• RECORD EXCERPTS:

....................

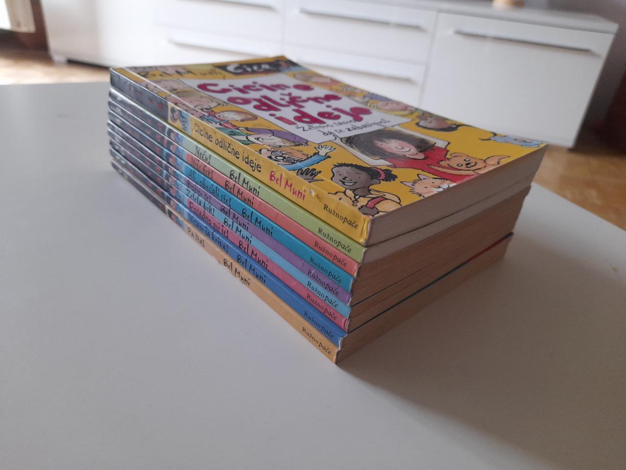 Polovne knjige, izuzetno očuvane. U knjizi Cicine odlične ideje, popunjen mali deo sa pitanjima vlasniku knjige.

....................

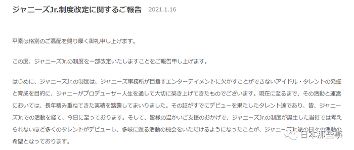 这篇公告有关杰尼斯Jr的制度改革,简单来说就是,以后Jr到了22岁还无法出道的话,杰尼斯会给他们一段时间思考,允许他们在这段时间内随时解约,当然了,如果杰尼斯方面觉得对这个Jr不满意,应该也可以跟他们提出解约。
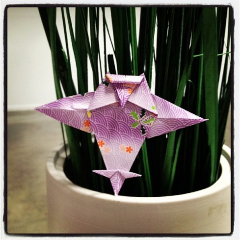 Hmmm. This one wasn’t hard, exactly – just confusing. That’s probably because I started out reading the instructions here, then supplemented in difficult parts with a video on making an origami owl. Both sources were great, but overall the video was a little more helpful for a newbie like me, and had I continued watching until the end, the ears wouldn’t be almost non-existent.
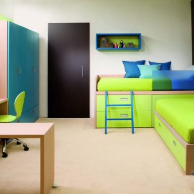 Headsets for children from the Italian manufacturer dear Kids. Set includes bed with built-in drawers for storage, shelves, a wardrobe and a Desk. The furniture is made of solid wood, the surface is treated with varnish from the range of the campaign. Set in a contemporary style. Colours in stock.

....................

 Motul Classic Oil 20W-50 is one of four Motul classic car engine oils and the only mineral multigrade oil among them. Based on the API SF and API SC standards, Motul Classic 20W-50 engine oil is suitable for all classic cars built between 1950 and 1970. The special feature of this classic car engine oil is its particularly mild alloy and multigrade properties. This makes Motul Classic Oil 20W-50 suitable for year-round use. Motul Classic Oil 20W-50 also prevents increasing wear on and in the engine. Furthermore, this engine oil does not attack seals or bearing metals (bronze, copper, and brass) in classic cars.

....................

• EXERCISE AIM: Write down exactly what the lines above say, from the line holding "这篇公告有关杰尼斯Jr的制度" through the line holding "Headsets for children", and nothing more. Do not copy the pictures.

• SOLUTION:
 这篇公告有关杰尼斯Jr的制度改革,简单来说就是,以后Jr到了22岁还无法出道的话,杰尼斯会给他们一段时间思考,允许他们在这段时间内随时解约,当然了,如果杰尼斯方面觉得对这个Jr不满意,应该也可以跟他们提出解约。
 Hmmm. This one wasn’t hard, exactly – just confusing. That’s probably because I started out reading the instructions here, then supplemented in difficult parts with a video on making an origami owl. Both sources were great, but overall the video was a little more helpful for a newbie like me, and had I continued watching until the end, the ears wouldn’t be almost non-existent.
 Headsets for children from the Italian manufacturer dear Kids. Set includes bed with built-in drawers for storage, shelves, a wardrobe and a Desk. The furniture is made of solid wood, the surface is treated with varnish from the range of the campaign. Set in a contemporary style. Colours in stock.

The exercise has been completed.